The Armenian Culture Development Fund plans to apply to the RF Ministry of Culture for the establishment of an all-Armenian cultural center, reported the Yerevan newspaper published by the Armenian community in Russia. The newspaper quotes President of the Fund Metso Iguityan, who said:

“The initiative will first of all allow us to resolve the problem of premises for the Armenian Theater in Moscow,” Iguityan told a press conference at the international press center Novosti. He pointed out that the theater is currently renting premises at various theaters of the Russian capital. Iguityan said that the all-Armenian cultural center will host Armenian theaters during their Moscow tours, as well as exhibitions, presentations and other cultural ceremonies.

Two important figures of Turkish and Armenian folk music, Erdal Akkaya and Ara Dinkjian, were together recently on the same stage in İstanbul, performing at a special charity concert at the Hagia Eirene Museum, reported Today’s Zaman (Turkey).

“We have been working on this project with Dinkjian for a year, and we started this initiative in order to maintain the humanism, love and memory of Anatolia,” said Akkaya.

“We're here to see what we have in common and respect our differences,” Dinkjian said in turn.

Ara Dinkjian is a member of a family that migrated to the United States from the southeastern Anatolian province of Diyarbakır in the 19th century and son of Armenian folk musician Onnik Dinkjian.


David Nalbandian, a professional tennis player of Italian and Armenian descent, has announced the terms of his return on his official website. He plans to take part in an exhibition tournament in Buenos Aires on December 17. He also plans to play in the tournament in San Juan on December 12-13. However, before making a final decision, the tennis player has to consult his doctor. Nalbandian is now taking a course of rehabilitation after an operation on the thigh bone this May.

Armenian football coaches are not at the head of the teams of premier leagues in other countries.
The only pleasant exception is Poghos Galstyan, the former player of Yerevan Ararat team of the Soviet times. He is residing in Russia now and was invited to the Krasnodar-based Kuban team to save the cub from being “knocked out” of the Russian football elite. In his interview with the Football 365 weekly, Galstyan said that he “returned to the club experiencing hard times. I am a person that likes overcoming difficulties.”

As regards the development of Armenian football, he expressed regret he cannot watch all the matches the Armenian national team plays. “However, thanks to mass media and my friends from Armenia I am well-informed of all that is going on with Armenian football. I should say that the team played quite a worthy elimination game with the Belgian team. We at last proved our ability to win. I think that it is the first two defeats that account for the team’s unhappy plays in the knockout tournament – that was a psychological breakdown for the boys… As regards the forthcoming matches with the Spanish and Turkish teams, the footballers should not focus on results. They should just come out and show adventurous football.

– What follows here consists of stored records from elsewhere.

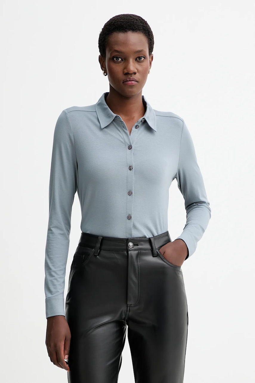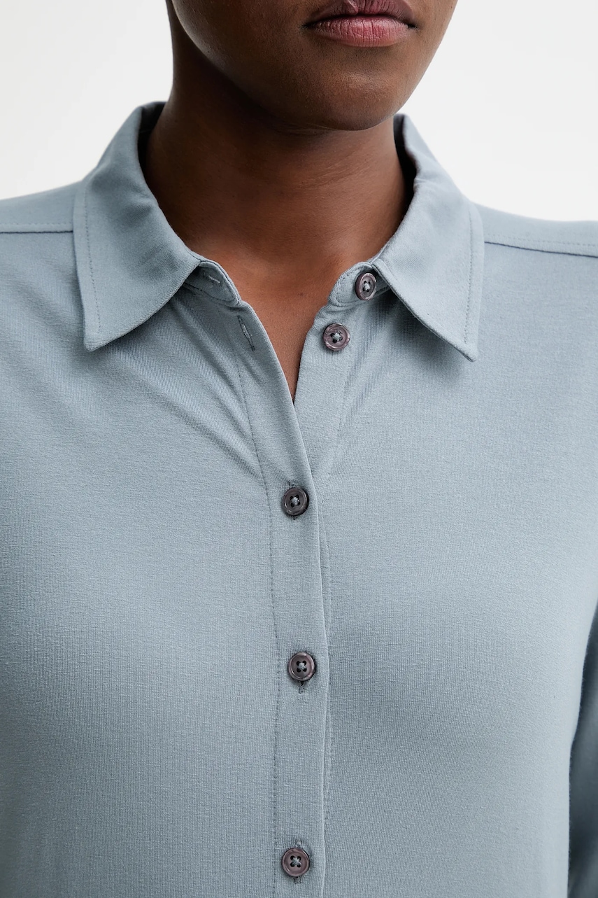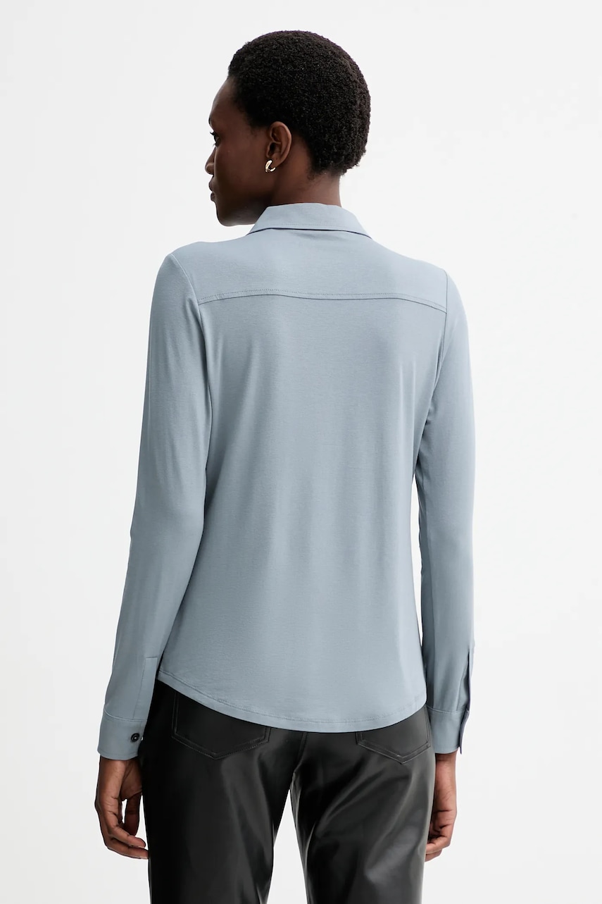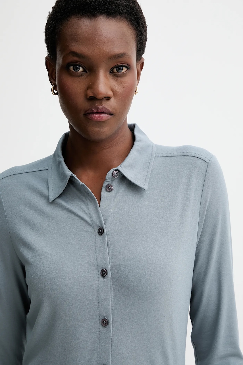 - Wykonane z LENZING™ ECOVERO™ - materiału przyjaznego środowisku. Produkcja LENZING™ ECOVERO™ z ekologicznej celulozy i pulpy drzewnej wykorzystuje o 50% mniej wody w porównaniu do popularnej wiskozy. - Prosty, nie blokujący ruchów fason. - Długi rękaw. - Rękawy z zapinanymi mankietami. - Model z miękkim kołnierzykiem. - Wygodne zapięcie na guziki ułatwia zakładanie i zdejmowanie. - Długość rękawa: 63 cm. - Długość z przodu: 58 cm. - Długość z tyłu: 61 cm. - Szerokość pod pachami: 48 cm. - Wymiary podane dla rozmiaru: S.
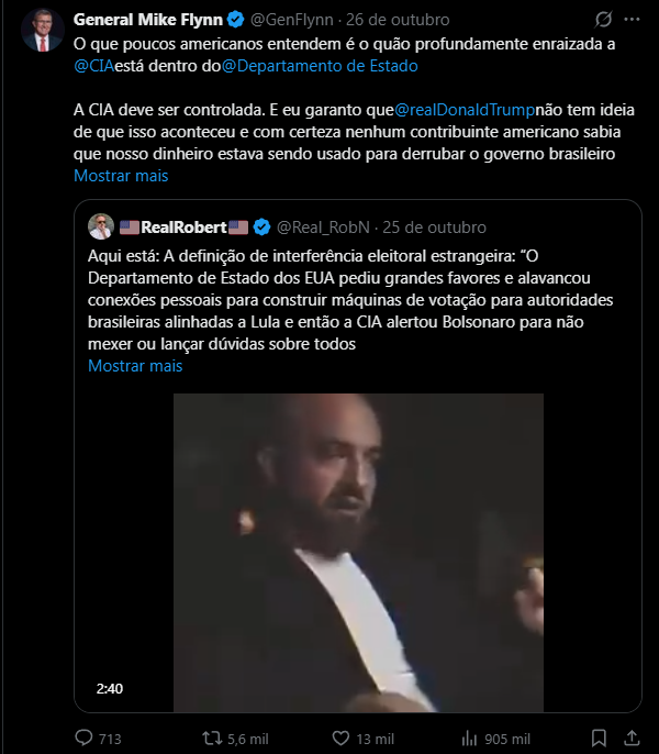 “Poucos americanos entendem o quão profundamente a CIA está inserida dentro do Departamento de Estado. A CIA precisa ser contida. E eu garanto que Donald Trump não tem ideia de que isso aconteceu — e certamente nenhum contribuinte sabia que nosso dinheiro estava sendo usado para derrubar o governo brasileiro.” Ele também mencionou perfis institucionais e políticos dos EUA, exigindo explicações e responsabilização.Michael Flynn é uma figura proeminente no setor de inteligência dos Estados Unidos.
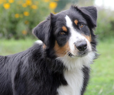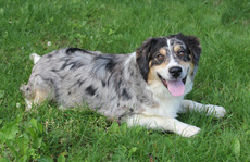 Tyler is a handsome Australian Shepherd mix, about 6 months old and 30 lbs. He is a very sweet, playful and curious boy- it's so much fun to watch him play and explore! He has a very sweet mild disposition and is very loving and cuddly with his foster family. He gets along great with other dogs and cats too! He is crate trained, doing nicely with his housebreaking and great in the car too!
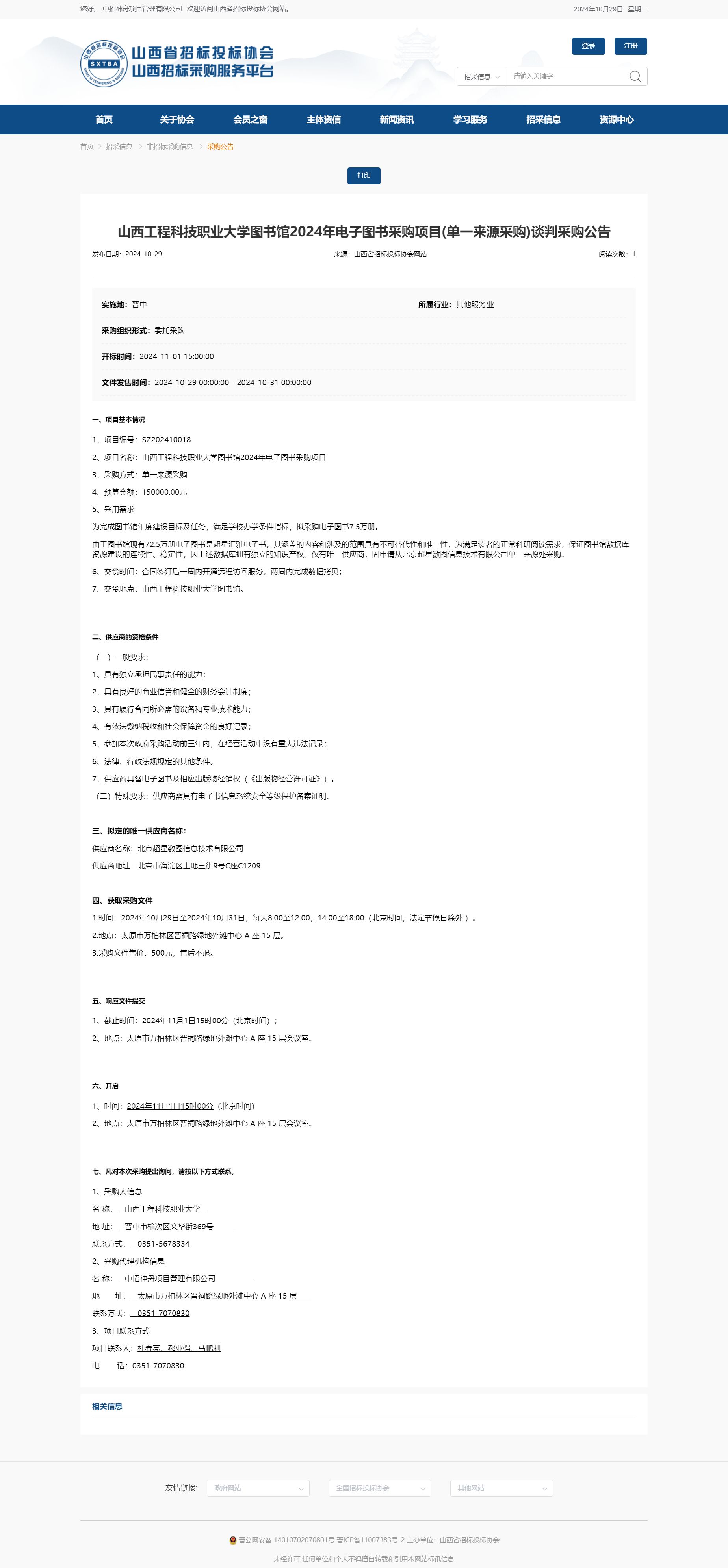 山西工程科技职业大学图书馆2024年电子图书采购项目(单一来源采购)谈判采购公告
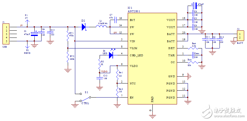 ANT2801内部充电管理部分采用一套完整可靠的充电机制。无论电池是否连接,都可以正常工作。而且无需外部补偿来实现芯片的稳定。在上电过程中,首先,VIN对VOUT充电,当达到VIN时,SW开始震荡工作,实现升压功能,当VOUT建立好之后,才开始检测VBATT状态。
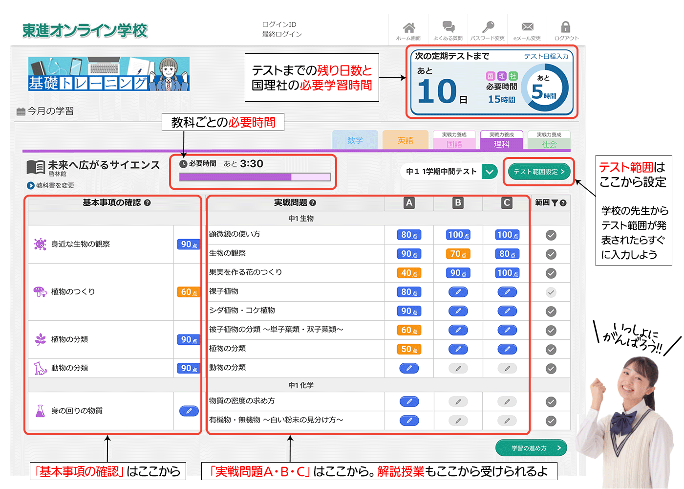 - 定期テスト対策講座は、中学校で使用の教科書範囲を入力するだけで学習計画が提示され、効率的に90点以上を目指せる
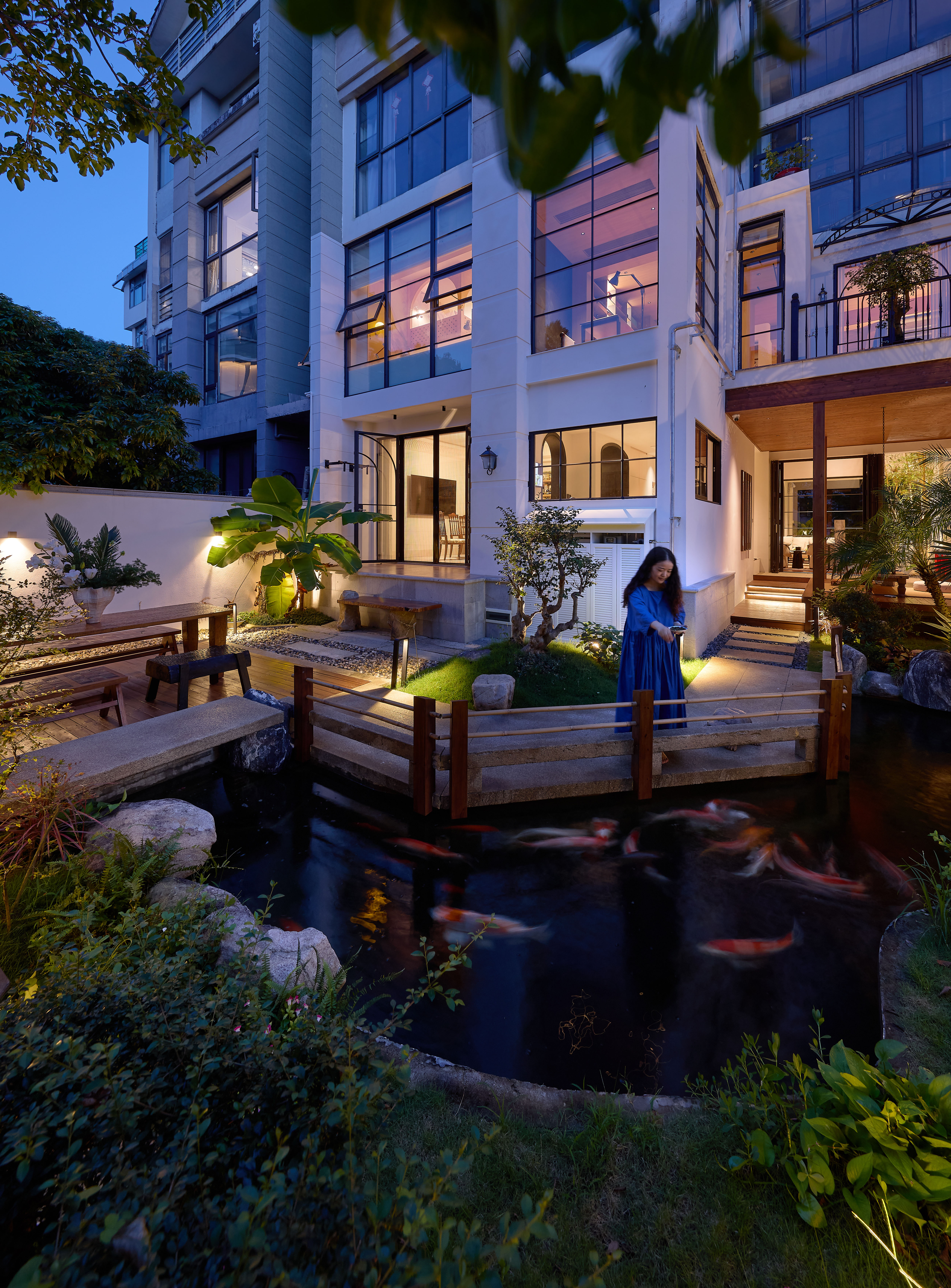 沿着北面通过茶室,或者通过餐厅可以进入后庭院,院内设有休闲区、景观区、户外茶室;曲桥蜿蜒、芭蕉叠翠、点缀太湖石、古建石制构件……勾勒出一幅悠然的生活画卷。 有次屋主发来信息,坐在餐厅里听雨打芭蕉,真的妙极了

Then we can think of dividends,” Galstyan said.

The professional boxer Arthur Abraham, IBF Middleweight World ex-champion, is training hard before his fight with Jermain Taylor in Berlin on October 17, as part of the first round of the Showtime super tournament.

“Jermain is a great champion. He is a legend. But he will not defeat me before my fans. He is strong enough. I am sure it will be a thrilling fight. I should say that it is not a strong boxer, but a clever one, that wins,” Abraham said.